Bamberger: For a bad break, check out the YouTube clip of journeyman Joe Daley at Q School, putting for his card to a hole that spat out his ball and chances.

Dethier: Wow, is Shipnuck letting Cink off the hook for that one as a bad break?! He must be getting soft. To me, this one’s a no-brainer: It’s Joe Daley at Q School, stroking a four-footer for double bogey to earn his Tour card by one shot when the impossible happens: the ball hits the lining at the back of the cup and pops out, sitting on the lip. As Bamberger mentioned, it doesn’t seem to exist anywhere except grainy YouTube clips now, but it is devastating.​
 

4. Satoshi Kodaira of Japan won the RBC Heritage at Harbour Town, where the average driving distance for the week was less than 280 yards. Harbour Town is one of our annual reminders that PGA Tour setups don’t need to be long to be challenging. In all the hand-wringing over the distance debate, do we underestimate the impact course setups can have on players mindlessly gripping and ripping?

Marksbury: I think so. But I’m also reminded of Merion, which was described as “tricked up” to keep the scoring in check. If that’s what great courses need to do to stay relevant, I’m okay with it. These guys can handle it.

Sens: I don’t think we underestimate the impact of setups. It gets discussed plenty. What we certainly do is overvalue protecting par just for the sake of it. That alone has led to the mangling of some great courses, and to some silly course setups as well.

Shipnuck: I like Harbour Town, but if players can’t hit driver is it really that great of a test? Driving it long and straight is one of the game’s great skills and when you take the driver out of play it diminishes the competition.

Bamberger: Yes, when holes have shape and especially water hazards, you can set up a course that makes any shot longer than, say, 280, worthless. But length should be one of the demands put on a golfer, among many others.

Dethier: Courses can be hard for lots of reasons — your local track might be impossible to score on because it’s rock-hard or has freshly punched greens. Every part of this debate has us a bit stuck. Birdies are fun! So are 350 yard drives! But too many birdies, and too many 350 yard drives? That’s where we seem to get skittish.

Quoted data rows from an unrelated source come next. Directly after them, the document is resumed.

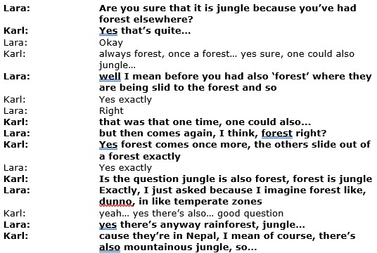 (For app. 6 minutes altogether, the team ponders about the right name for the scenery, during which S checks the film image again and describes it to B, and the team concludes that it corresponds to ‘jungle’. Although B voices her problems with the wording, it being incoherent with the previous AD using ‘forest’ and her doubts about the realism of the description (“Are there jungles in Nepal?”), she concludes ‘jungle’ should remain in the AD on the basis of S’ arguments in its favour.)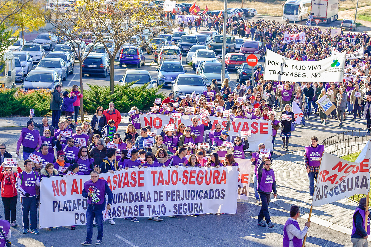 La cabecera se sitúa al 13 por ciento de su capacidad, mientras que el Tajo medio es una cloaca y la cuenca del Segura se encuentra al 38 o 40 por ciento, criticaba José Antonio Vargas, presidente de la Plataforma de Ciudadanos Perjudicados por el Trasvase, colectivo convocante de la manifestación, que contó con el apoyo de la Asociación de Municipios Ribereños.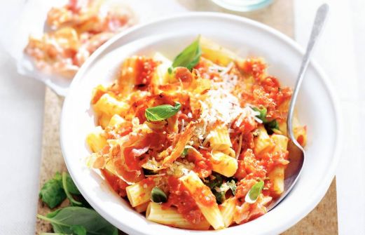Ingrediënten 300 g rigatoni (pasta, zak 500 g) 1 rode peper (zakje 2 stuks) 1 bakje cherrytomaten (250 g) 1 teen knoflook (gesneden) 3 el olijfolie extra vierge 1½ pakje pancetta (Italiaans spek, a 80 g) 1 bakje basilicum ((15 g), blaadjes gescheurd) [...]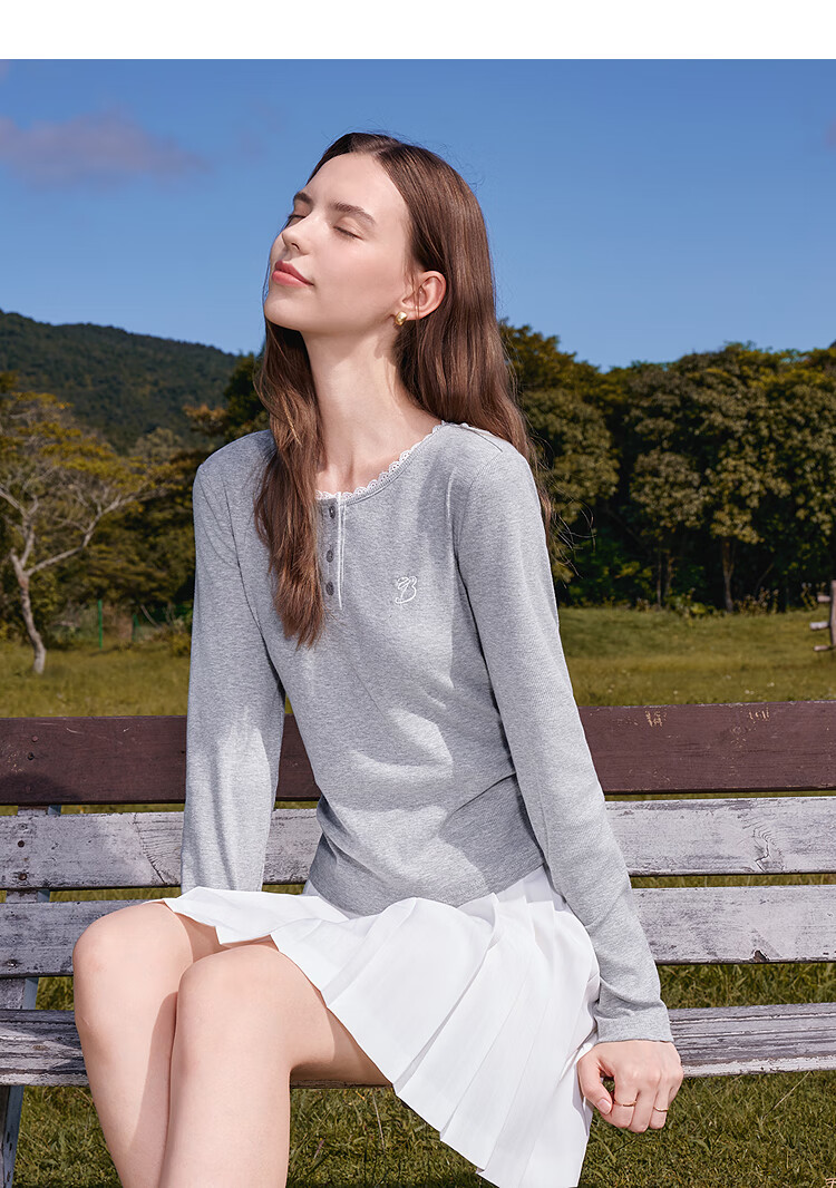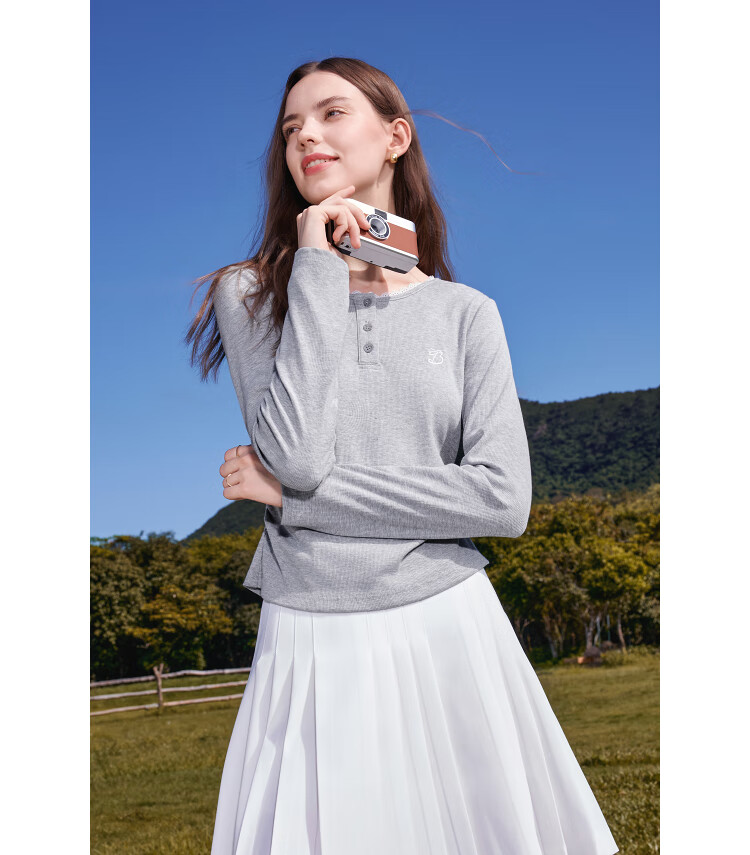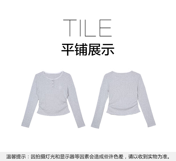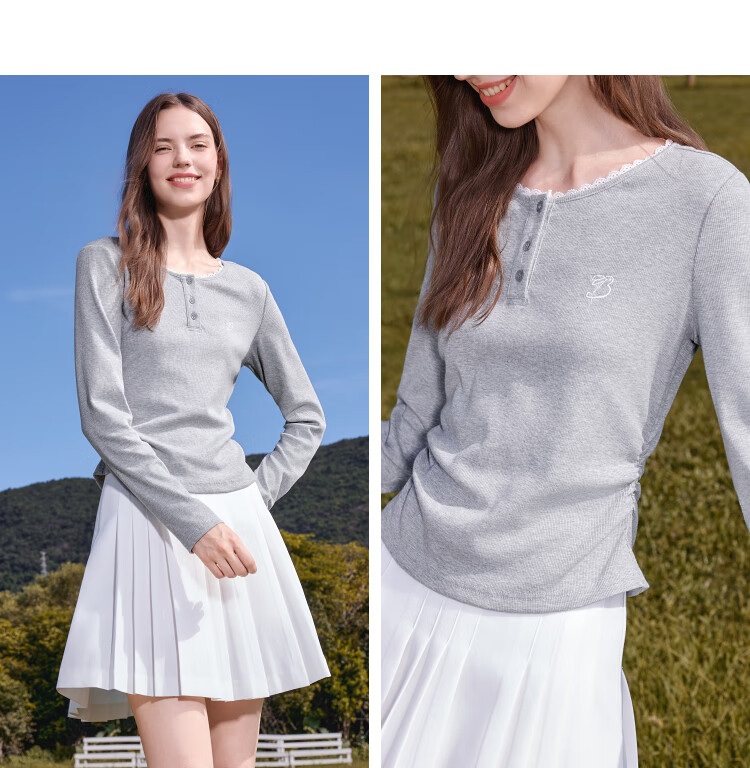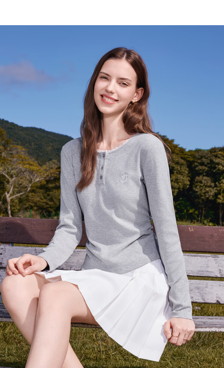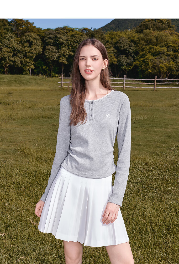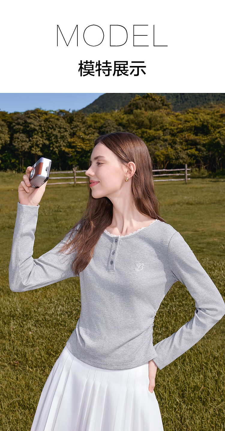 Betu Women's Clothing 2025 Autumn New T-shirt Collar Splicing Lace Pleated Waist Slim T Long Sleeve 2508T22 Light Gray L

5. The PGA Tour’s new tagline, Live Under Par, raised some eyebrows on social media last week; Lee Westwood, for one, tweeted that “being under par in the UK means you feel like a crap!!” If the Tour had come to you to dream up its new slogan, what would you have proposed?

Marksbury: What was wrong with “These Guys are Good”? Taglines are not my forte, but maybe something like…“Feel the Drive.”

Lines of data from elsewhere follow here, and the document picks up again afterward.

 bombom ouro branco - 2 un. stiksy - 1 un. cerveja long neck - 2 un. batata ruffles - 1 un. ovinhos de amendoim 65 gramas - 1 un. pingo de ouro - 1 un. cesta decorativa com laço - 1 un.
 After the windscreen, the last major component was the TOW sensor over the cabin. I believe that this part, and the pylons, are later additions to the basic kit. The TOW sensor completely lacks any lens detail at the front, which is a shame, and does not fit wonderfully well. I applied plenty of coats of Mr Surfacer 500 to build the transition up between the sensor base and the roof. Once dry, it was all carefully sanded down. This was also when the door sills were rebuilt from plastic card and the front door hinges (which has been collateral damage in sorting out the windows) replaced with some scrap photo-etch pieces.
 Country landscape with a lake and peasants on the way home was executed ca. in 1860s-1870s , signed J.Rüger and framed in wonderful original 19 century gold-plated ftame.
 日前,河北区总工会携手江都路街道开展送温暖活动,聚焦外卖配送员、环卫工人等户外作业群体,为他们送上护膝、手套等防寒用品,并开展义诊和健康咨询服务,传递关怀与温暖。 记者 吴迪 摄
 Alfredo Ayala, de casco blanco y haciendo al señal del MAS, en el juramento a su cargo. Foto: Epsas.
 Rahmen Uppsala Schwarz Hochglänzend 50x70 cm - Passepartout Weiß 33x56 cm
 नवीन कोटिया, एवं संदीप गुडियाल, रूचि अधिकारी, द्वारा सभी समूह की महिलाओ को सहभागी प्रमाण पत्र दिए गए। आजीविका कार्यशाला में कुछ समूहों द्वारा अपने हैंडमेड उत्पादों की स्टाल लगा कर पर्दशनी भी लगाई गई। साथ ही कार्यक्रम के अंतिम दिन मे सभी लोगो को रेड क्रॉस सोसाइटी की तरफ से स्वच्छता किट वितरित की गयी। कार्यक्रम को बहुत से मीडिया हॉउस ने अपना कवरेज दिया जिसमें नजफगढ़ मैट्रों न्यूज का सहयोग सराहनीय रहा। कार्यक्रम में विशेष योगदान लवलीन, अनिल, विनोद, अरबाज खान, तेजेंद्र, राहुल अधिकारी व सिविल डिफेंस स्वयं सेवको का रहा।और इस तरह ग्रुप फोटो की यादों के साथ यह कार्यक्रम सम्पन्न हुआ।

Sens: Live under Par?!  Wonder what the Tour paid the marketing whizzes who came up with that one. Hmmm. Let’s see. Go Low or Go Home. You Da Fan! Did We Mention, Tiger’s Back? But why should we brainstorm for the Tour? Monahan, call me. For a quarter of what you just spent, I’ll set aside five minutes and come up with 20 taglines that are better than the terrible one you’ve got. #fireyouradagency.

Bamberger: I don’t even know how to pronounce it. Josh nails it every which way to Sunday. 

Dethier: It’s confusing, too. I see “PGA Tour” and “Live” together and I think early-round tournament streaming. Does the Tour need a tagline? Do other sports leagues have ‘em? I propose: no slogan.

Shipnuck: For what was supposed to be a cutting-edge, viral campaign, the entire launch felt like a bunch of old white guys trying too hard to be young and cool. Wait, that’s exactly what it was. The Tour’s slogan should be: Read GOLF.com For The Real Skinny.